Often in remote sensing, we compute indices to emphasize different land cover types. Indices are combinations of pixel values from multiple bands. A commonly used index is the Normalized Difference Vegetation Index (NDWI) which emphasizes live, green vegetation. NDVI is computed using the red and near-infrared bands which, in the case of Landsat 8, correspond to bands 4 and 5, respectively.

NDVI = (Band 5 - Band 4) / (Band 5 + Band 4)

So let’s go ahead and read these two bands.

Caution

Remember that Python uses zero indexing, so the first band (i.e. 0) corresponds to band 1.

src_4 = rasterio.open(files[3])
band_4 = src_4.read(1)

src_5 = rasterio.open(files[4])
band_5 = src_5.read(1)

We can now subtract and divide the bands to produce the NDVI.

Caution

Note that we have to make sure our bands are converted to float datatypes before dividing.

np.seterr(divide='ignore', invalid='ignore')
ndvi = (band_5.astype(float) - band_4.astype(float)) / (band_5.astype(float) + band_4.astype(float))
# Plot dataset
fig, ax = plt.subplots(figsize=(8,8))
im = ax.imshow(ndvi, cmap='viridis')
ax.set_title("NDVI image")
fig.colorbar(im, orientation='vertical')
plt.show()
../_images/09b-demo_14_0.png

In the figure, the high pixel values of healthy green forests make it distinguishable from other land cover types such as sand dunes and water.

Another popular index is the Normalized Difference Water Index (NDWI) which emphasizes pixels that contain water.
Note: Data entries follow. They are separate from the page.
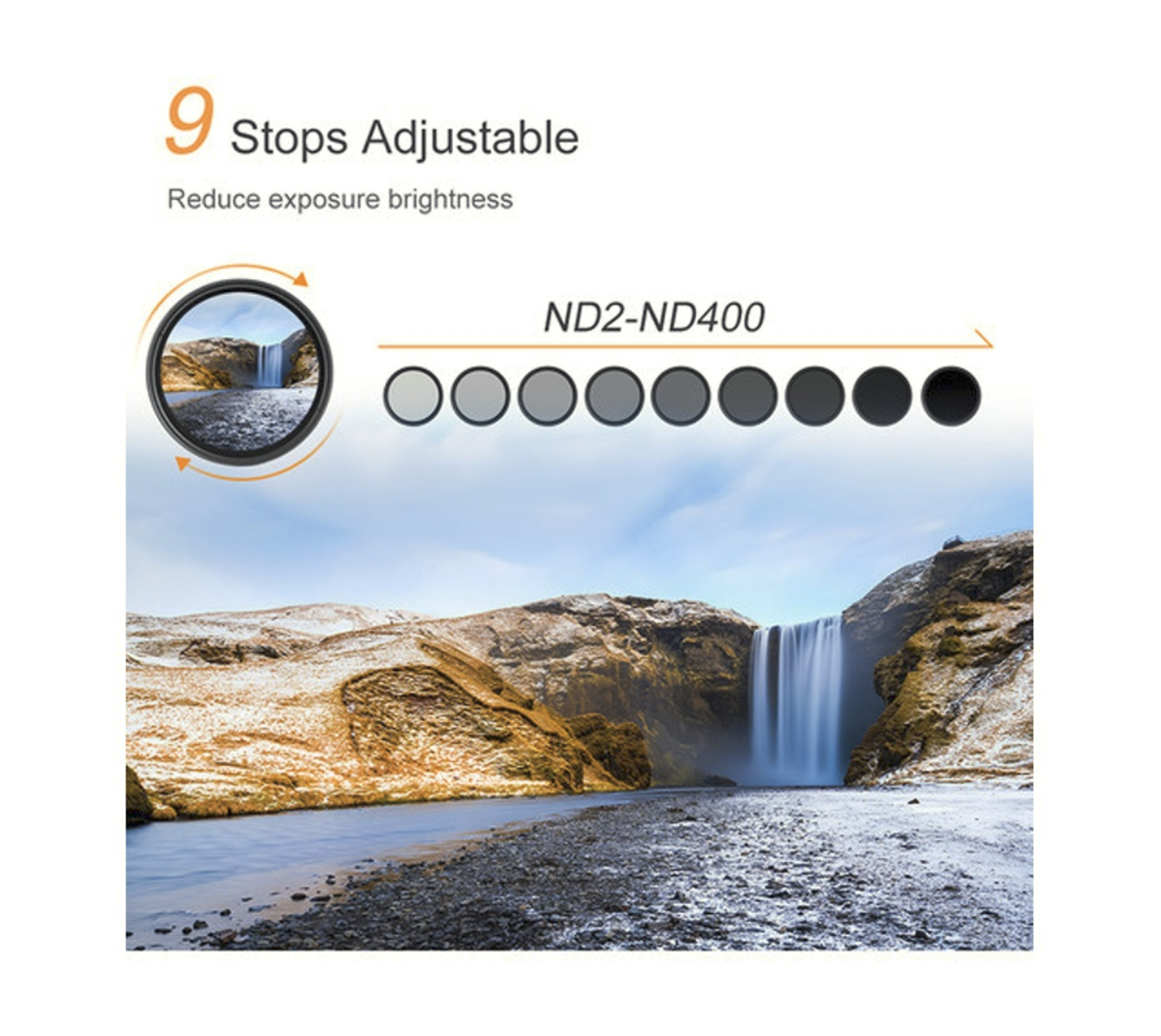 K&F Concept 52mm True Color Variable ND2–ND400 filter omogućuje glatku i preciznu kontrolu ekspozicije od 1 do 9 koraka, a istovremeno održava prirodne i točne boje. Dizajniran s vrhunskim japanskim optičkim staklom i višeslojnim nano premazima, pruža oštre, visokokvalitetne slike za duge ekspozicije, filmske videozapise i snimanje pri jakom svjetlu.
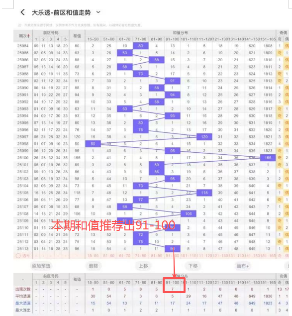 前区奖号开出0个重号,连号开出0个,奇偶比2:3,和值为98,跨度为34,三个区的区间比为:1:2:2,后区号码开出奇偶02 03,开出0个重号,出2个小号。
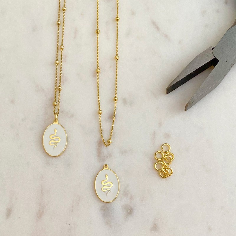 - Colgant ovale blanc avec serpent en argent argent 925 doré 17 long - 10 de large et anneau 1,2 mm - Le prix est par unité.
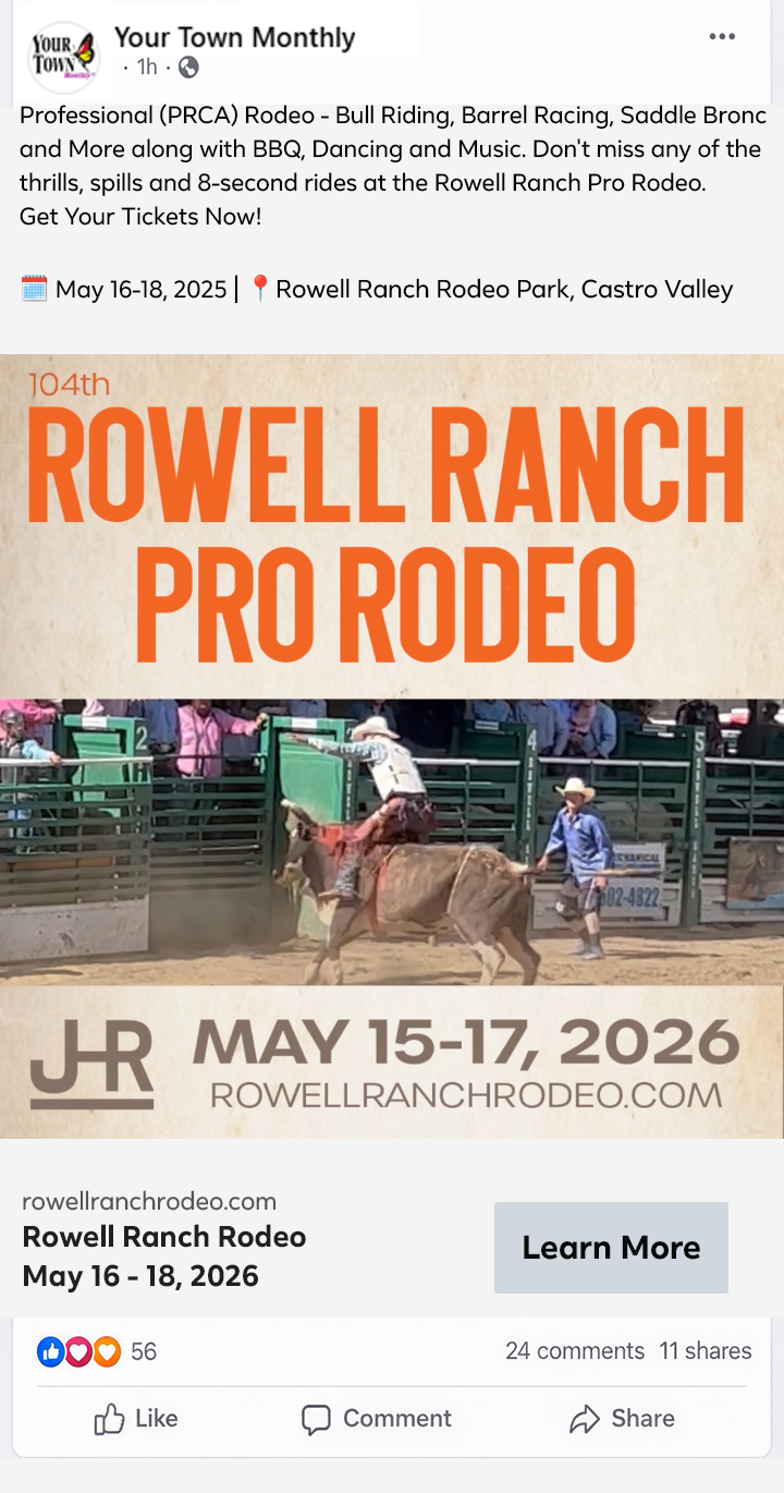 Click-through link: https://rowellranchrodeo.com/ Facebook post mockup: continue reading ›
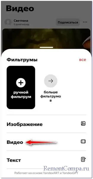 Мобильное приложение «Шедеврум» выполнено по типу социальной сети, где сгенерированный её пользователями контент доступен публично. В этом приложении можем зайти в раздел видеоконтента и ознакомиться с опубликованными видеороликами, сгенерированными нейросетью. Можем оценить качество роликов, посмотреть какие пользовательские запросы как работают, взять какие-то идеи для своих роликов и т.п. Для создания своего видео в приложении «Шедеврум» жмём кнопку-плюсик.
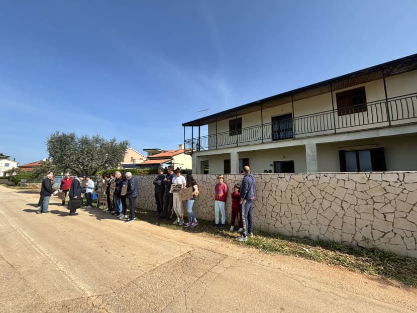 Stanovnici Lovrečice kraj Umaga prosvjeduju protiv deložacije obitelji Liščević. Od deset sati na terenu je veći broj policajaca koji asistiraju pokušaju iseljavanja obitelji u kojoj je i jedna teško bolesna ženska osoba.
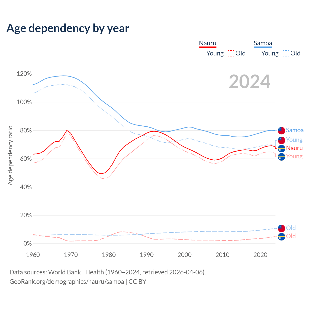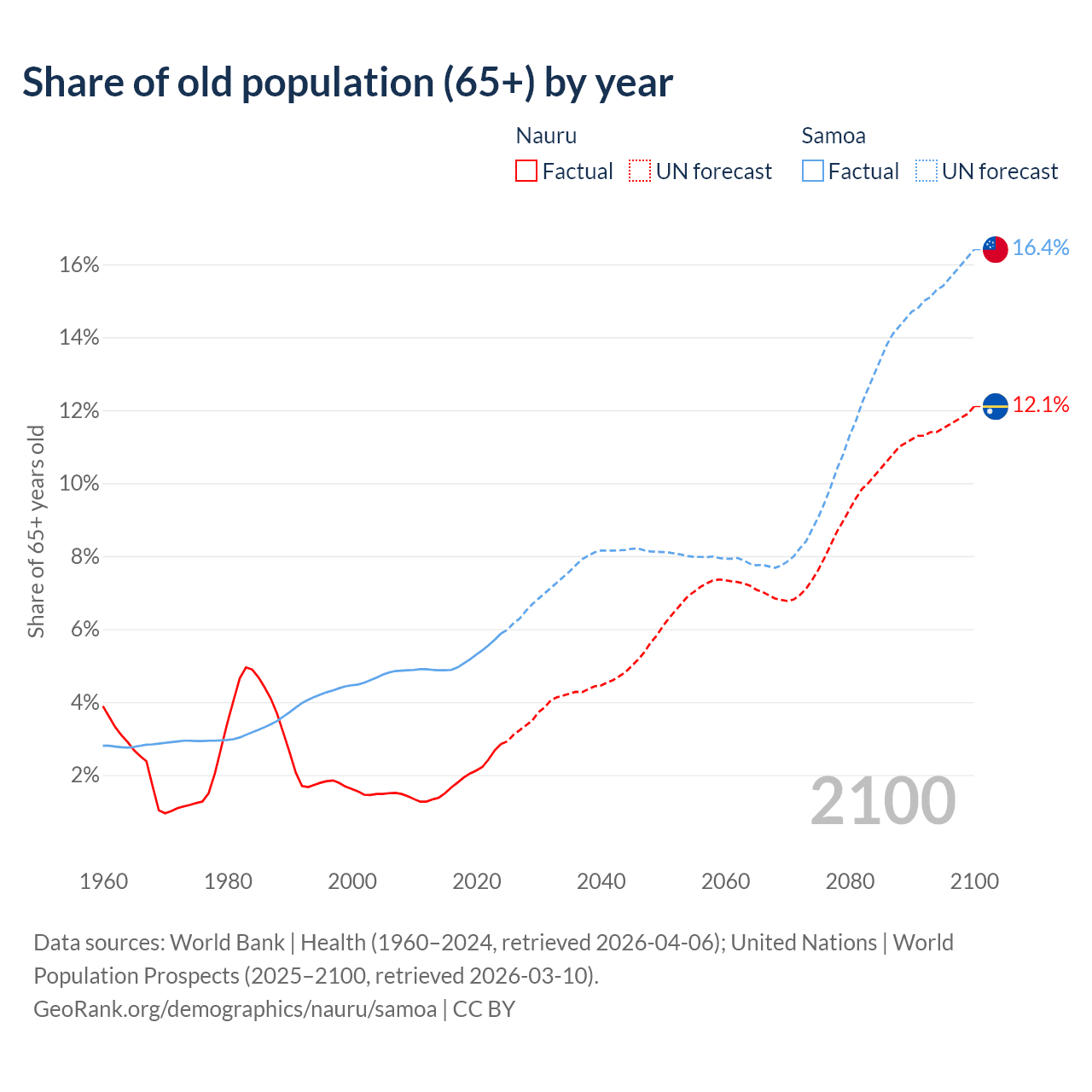 - The share of old-age demographic (65+) in Nauru is 2.85% vs 5.88% in Samoa.

The NDWI is computed using the green and near-infrared bands which, in the case of Landsat 8, correspond to bands 3 and 5, respectively.

NDWI = (Band 3 - Band 5) / (Band 3 + Band 5)

src_3 = rasterio.open(files[2])
band_3 = src_3.read(1)

ndwi = (band_3.astype(float) - band_5.astype(float)) / (band_3.astype(float) + band_5.astype(float))
# Plot dataset
fig, ax = plt.subplots(figsize=(8,8))
im = ax.imshow(ndwi, cmap='viridis')
ax.set_title("NDWI image")
fig.colorbar(im, orientation='vertical')
plt.show()
../_images/09b-demo_18_0.png

In this figure, the positive pixel values of water make it easily distinguishable from other land cover types such as sand dunes and forests.

True color Landsat image

When making figures for presentations, we often want a “true color” background which combines the red, green, and blue bands to make an image similar to what the human eye would observe.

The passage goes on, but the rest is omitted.